-- Directions --
Write the full listing out again, word for word, but omit the pictures.

-.-.-

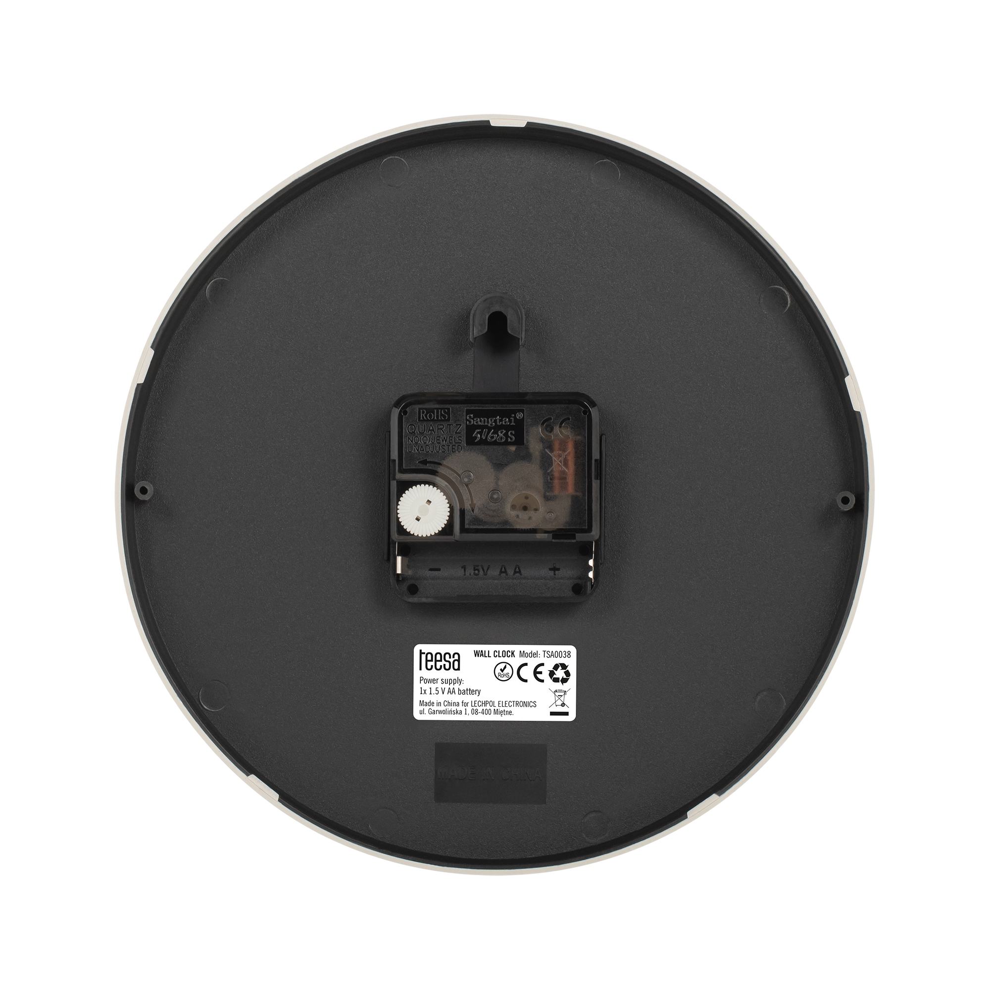 Duże przejrzyste cyfryZegar naścienny Teesa, wyposażony został w analogowy system wyświetlania czasu. Co ważne, tarcza urządzenia posiada czytelne oznaczenia godzinowe oraz precyzyjną skalę minutową. Duże i przejrzyste cyfry ułatwiają odczytywanie czasu nawet z większej odległości.
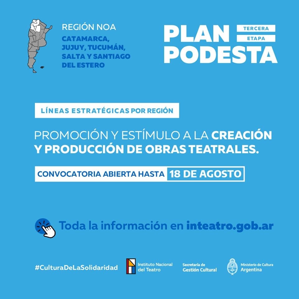 Este aporte especial fue aprobado por el Consejo de Dirección del Instituto Nacional del Teatro en el marco de la tercera etapa del Plan para la Preservación Operativa de Elencos, Salas y Teatristas Argentinos (PODESTA), con el objetivo de continuar dando respuesta a la situación de fragilidad en la que se encuentran las diversas comunidades teatrales de país.
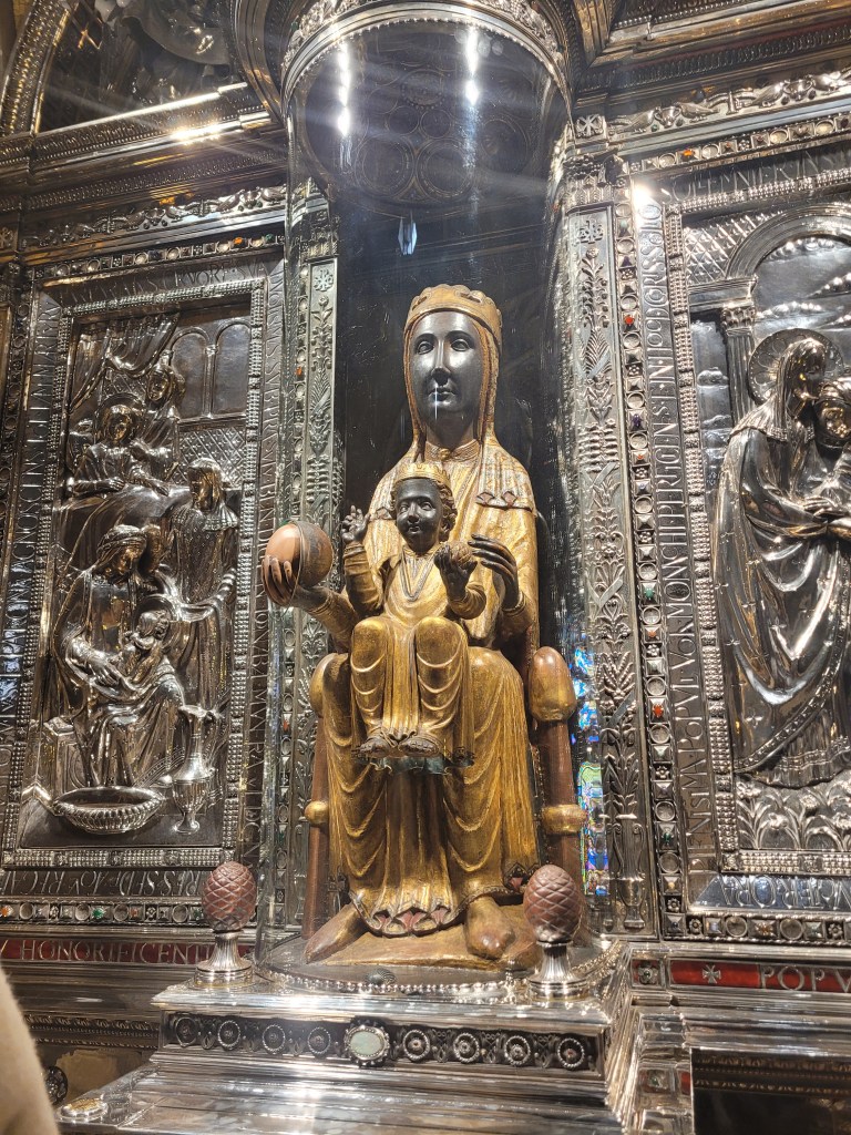 Each pilgrim has a chance to come face to face with the holy image of the Black Madonna of Montserrat, granted they possess the patience to endure a lengthy queue. However, there’s a brief yet intimate moment when visitors can stand in close proximity to the statue, albeit behind glass. The globe held by the figure, however, remains exposed, inviting everyone to touch it.
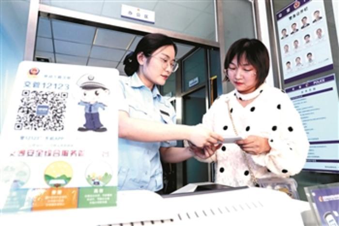6月26日,在天通苑派出所巡逻警务站车管服务点,工作人员(左)帮助来办理业务的市民填写表格。
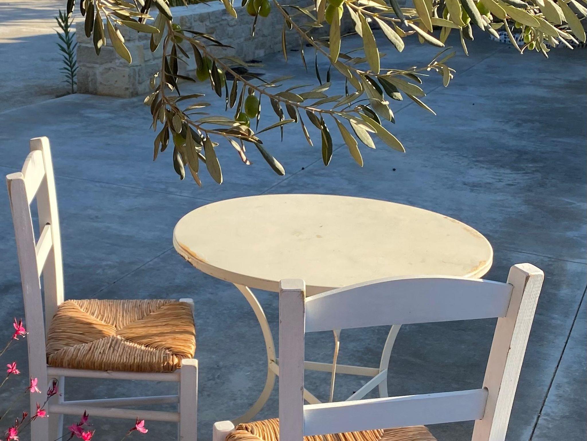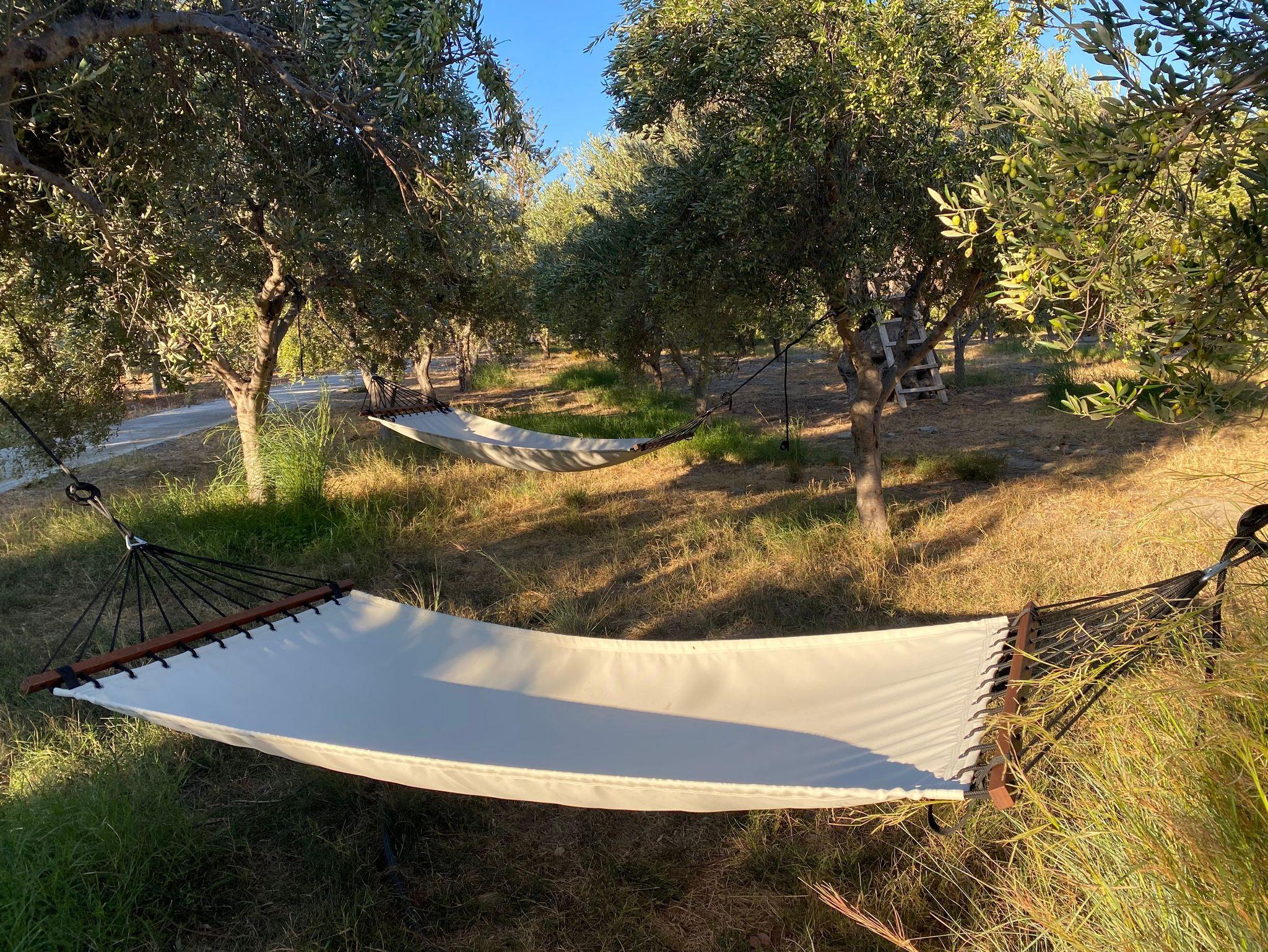 Die vielen Obst- und Olivenbäume laden die Gäste unter den ausladenden Blätterdächern zum Entspannen ein.
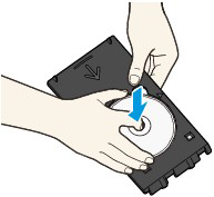 - 拿可列印光碟時請拿著其邊緣。請勿觸摸標籤面(列印面)或記錄面。

-.-.-

-- Solution for this task --
 Duże przejrzyste cyfryZegar naścienny Teesa, wyposażony został w analogowy system wyświetlania czasu. Co ważne, tarcza urządzenia posiada czytelne oznaczenia godzinowe oraz precyzyjną skalę minutową. Duże i przejrzyste cyfry ułatwiają odczytywanie czasu nawet z większej odległości.
 Este aporte especial fue aprobado por el Consejo de Dirección del Instituto Nacional del Teatro en el marco de la tercera etapa del Plan para la Preservación Operativa de Elencos, Salas y Teatristas Argentinos (PODESTA), con el objetivo de continuar dando respuesta a la situación de fragilidad en la que se encuentran las diversas comunidades teatrales de país.
 Each pilgrim has a chance to come face to face with the holy image of the Black Madonna of Montserrat, granted they possess the patience to endure a lengthy queue. However, there’s a brief yet intimate moment when visitors can stand in close proximity to the statue, albeit behind glass. The globe held by the figure, however, remains exposed, inviting everyone to touch it.
6月26日,在天通苑派出所巡逻警务站车管服务点,工作人员(左)帮助来办理业务的市民填写表格。
 Die vielen Obst- und Olivenbäume laden die Gäste unter den ausladenden Blätterdächern zum Entspannen ein.
 - 拿可列印光碟時請拿著其邊緣。請勿觸摸標籤面(列印面)或記錄面。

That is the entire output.